A radiographic change will not begin to manifest until demineralization extends through the cortical plate of the bone. More than 30% of bony destruction is required to become visible on a radiograph, meaning the absence of radiographic signs of pathology does not mean the absence of pathology. The pulpal status cannot be determined by radiographic images alone.
The type of radiograph indicated depends on what is sought. A posterior bitewing radiograph is most beneficial for detected coronal caries or other causes of pulpal inflammation. If periapical pathology is suspected, a periapical radiograph is indicated. All radiographs should be taken with a holder to allow for reproducible parallelism and standardization. Specific areas to inspect include:
- Periradicular area – lesions of pulpal origin present as the loss of lamina dura apically. The inflammatory process must spread to the cortical bone to be visible.

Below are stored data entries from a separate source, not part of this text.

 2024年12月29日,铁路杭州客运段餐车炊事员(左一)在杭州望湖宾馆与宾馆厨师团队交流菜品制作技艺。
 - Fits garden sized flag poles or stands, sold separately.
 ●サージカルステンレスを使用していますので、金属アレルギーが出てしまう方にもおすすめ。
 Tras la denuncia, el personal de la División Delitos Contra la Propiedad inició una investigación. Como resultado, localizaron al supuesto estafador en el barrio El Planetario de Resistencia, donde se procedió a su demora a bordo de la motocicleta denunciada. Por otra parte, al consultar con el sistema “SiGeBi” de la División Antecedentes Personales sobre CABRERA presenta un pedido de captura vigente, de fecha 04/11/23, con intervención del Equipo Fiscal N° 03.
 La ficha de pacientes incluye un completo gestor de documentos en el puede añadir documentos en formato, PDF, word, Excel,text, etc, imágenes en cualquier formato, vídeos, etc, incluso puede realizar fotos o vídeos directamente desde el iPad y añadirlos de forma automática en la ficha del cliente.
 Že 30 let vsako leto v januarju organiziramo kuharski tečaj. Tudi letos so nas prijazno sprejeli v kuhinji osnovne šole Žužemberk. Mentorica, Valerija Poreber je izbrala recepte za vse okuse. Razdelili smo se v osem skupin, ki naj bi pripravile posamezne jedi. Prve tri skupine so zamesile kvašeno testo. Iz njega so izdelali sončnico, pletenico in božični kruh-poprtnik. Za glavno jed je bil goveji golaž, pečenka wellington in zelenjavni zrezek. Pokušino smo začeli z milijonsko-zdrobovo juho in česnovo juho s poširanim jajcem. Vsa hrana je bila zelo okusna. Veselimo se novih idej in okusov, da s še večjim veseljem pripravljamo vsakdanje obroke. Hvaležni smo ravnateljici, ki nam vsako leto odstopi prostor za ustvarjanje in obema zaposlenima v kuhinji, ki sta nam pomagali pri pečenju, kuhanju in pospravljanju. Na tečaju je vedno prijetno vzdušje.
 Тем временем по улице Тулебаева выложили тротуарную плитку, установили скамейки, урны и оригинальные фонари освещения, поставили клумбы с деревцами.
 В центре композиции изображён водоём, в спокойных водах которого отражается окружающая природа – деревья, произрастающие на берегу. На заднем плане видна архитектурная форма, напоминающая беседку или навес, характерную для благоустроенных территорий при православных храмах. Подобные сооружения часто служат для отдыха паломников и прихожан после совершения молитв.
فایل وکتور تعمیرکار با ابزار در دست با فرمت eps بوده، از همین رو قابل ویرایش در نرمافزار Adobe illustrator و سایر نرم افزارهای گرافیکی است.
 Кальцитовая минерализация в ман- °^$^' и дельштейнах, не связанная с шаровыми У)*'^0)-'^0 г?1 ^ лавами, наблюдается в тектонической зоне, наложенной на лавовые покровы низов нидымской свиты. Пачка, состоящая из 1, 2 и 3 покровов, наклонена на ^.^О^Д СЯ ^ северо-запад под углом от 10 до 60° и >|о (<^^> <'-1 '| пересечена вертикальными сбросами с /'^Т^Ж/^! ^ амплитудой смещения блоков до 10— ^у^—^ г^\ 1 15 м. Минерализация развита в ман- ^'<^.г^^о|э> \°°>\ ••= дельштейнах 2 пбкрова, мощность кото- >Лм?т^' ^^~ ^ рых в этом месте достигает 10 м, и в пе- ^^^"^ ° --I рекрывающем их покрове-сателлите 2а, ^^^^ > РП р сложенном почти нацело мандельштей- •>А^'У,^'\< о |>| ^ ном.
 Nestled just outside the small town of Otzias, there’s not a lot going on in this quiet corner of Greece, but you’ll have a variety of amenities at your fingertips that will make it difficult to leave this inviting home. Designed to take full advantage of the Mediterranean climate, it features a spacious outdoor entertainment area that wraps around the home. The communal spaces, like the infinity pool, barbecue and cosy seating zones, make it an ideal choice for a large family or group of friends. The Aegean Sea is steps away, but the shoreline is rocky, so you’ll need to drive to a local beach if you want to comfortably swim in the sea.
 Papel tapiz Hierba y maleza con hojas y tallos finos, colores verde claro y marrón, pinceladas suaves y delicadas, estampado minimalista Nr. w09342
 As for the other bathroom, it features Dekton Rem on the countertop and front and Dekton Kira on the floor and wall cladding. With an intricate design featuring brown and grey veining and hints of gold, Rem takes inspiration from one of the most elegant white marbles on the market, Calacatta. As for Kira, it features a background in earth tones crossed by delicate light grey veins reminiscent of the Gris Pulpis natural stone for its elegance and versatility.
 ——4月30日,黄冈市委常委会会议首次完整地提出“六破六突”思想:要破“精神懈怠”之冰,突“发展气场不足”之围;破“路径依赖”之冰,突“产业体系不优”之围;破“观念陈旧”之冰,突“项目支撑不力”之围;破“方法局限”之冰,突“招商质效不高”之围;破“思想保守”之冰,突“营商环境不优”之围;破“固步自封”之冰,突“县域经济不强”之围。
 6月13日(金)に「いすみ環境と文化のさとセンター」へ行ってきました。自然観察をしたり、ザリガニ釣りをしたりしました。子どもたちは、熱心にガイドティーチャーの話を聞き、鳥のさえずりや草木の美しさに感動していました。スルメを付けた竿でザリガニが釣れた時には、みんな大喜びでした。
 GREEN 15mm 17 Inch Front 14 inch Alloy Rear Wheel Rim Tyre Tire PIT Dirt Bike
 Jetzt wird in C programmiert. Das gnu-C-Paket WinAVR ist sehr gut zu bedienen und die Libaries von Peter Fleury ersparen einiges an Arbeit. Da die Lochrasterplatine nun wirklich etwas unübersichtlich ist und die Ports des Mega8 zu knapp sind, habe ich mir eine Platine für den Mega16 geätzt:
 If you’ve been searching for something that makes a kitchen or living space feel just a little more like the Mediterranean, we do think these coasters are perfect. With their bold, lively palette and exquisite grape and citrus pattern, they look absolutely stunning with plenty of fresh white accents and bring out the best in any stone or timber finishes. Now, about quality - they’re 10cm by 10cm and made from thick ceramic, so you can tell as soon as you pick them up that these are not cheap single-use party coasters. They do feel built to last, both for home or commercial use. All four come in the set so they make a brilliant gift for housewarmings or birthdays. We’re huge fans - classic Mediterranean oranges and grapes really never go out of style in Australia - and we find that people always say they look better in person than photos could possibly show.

- Pulpal area – internal resorption or calcification may indicate long term irritation. Pulp canal obliteration (canal calcification) does not necessarily indicate a need for treatment.
RADIOGRAPHIC EQUIPMENT AND SETTINGS

The dental x-ray unit tube is surrounded by a glass housing that holds a vacuum and sealed by an aluminum or plastic frame. The glass prevents radiation from escaping. The x-ray source consists of two electrodes, the anode (positive) and cathode (negative). The cathode filament is heated up to emit electrons which are accelerated toward anode by applying a 20–200 kV potential in a vacuumized x-ray tube. A focusing cup magnetically focuses the electrons into a narrow beam directed at a small area on the anode (focal spot). Between the cathode and anode is a tungsten target, which when hit produces x-rays. This process produces an enormous amount of heat. The vacuum prevents combustion and provides a clean environment for electron conduction.
Kilovoltage (kV) refers to the unit of measure of electrical potential between the anode and cathode. Adjusting the kV of a dental x-ray unit will affect both contrast and density. A higher kV will impart more energy to the electrons as they travel between the two points and produce more penetrating beams, with a higher percentage of radiation reaching the film. If the kilovoltage is lower the resulting film will have higher contrast but reduced density. If the kilovoltage is higher the resulting film will have lower contrast but increased density. Most dental units operate at around 70kV.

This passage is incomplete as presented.